Doch es gibt auch alternative Theorien: So wies ein anderes Team von Wissenschaftlern darauf hin, dass das dunkle Material auf Iapetus dem Material ähneln könnte, was sich auch auf dem kleinen Saturnmond Phoebe findet. Dabei handelt es sich um komplexe Kohlenwasserstoffe, die sich auch in Kometen, Meteoriten und Sternenstaub entdecken lassen und zu den Grundbausteinen des Lebens gehören.

Während des Vorüberflugs wird sich Cassini bis auf 1.640 Kilometer der Oberfläche von Iapetus nähern. Zahlreiche Instrumente an Bord der Sonde sollen dann eine Reihe von Fragen klären.  So wollen die Forscher das Oberflächenmaterial des Mondes analysieren und nach einer Atmosphäre suchen. Zudem wird der Vorüberflug dicht und langsam genug sein, um mit Cassinis Radar, die Oberfläche abzutasten und so die tatsächlichen Höhen einiger Oberflächenstrukturen zu bestimmen. Bislang war das Radar nur bei Titan eingesetzt worden.

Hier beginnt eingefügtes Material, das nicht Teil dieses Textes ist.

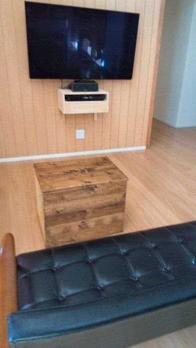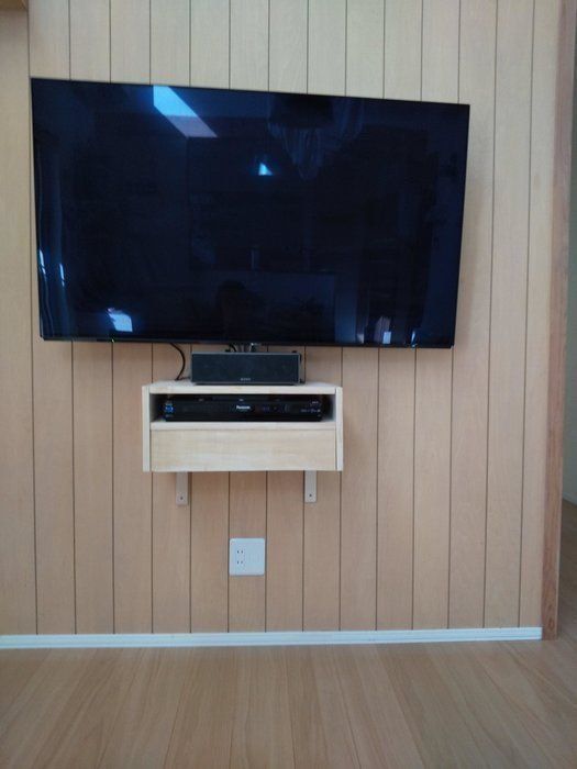 テレビの買い替えをきっかけにテレビ台を処分し、壁かけタイプにしました。テレビ台に収納していたレコーダーを置く場所が必要だったので、夫が手作りした台で浮かせて収納するスタイルに変更しました。

"Was wirklich nett ist, ist die Tatsache, dass wir bei Iapetus Radarbeobachtungen eines Eismondes machen, von dem wir auch wirkliche Bilder haben", so Steve Ostro, der als Radarwissenschaftler am JPL arbeitet. Bislang hätte man das Radar nur benutzt, um durch die Wolkendecke des Titan zu schauen. Iapetus' Oberfläche allerdings sei, im Gegensatz zur Oberfläche Titans, gut zu erkennen. "So können wir einiges über die Interpretation von Radarbildern von Eismonden lernen."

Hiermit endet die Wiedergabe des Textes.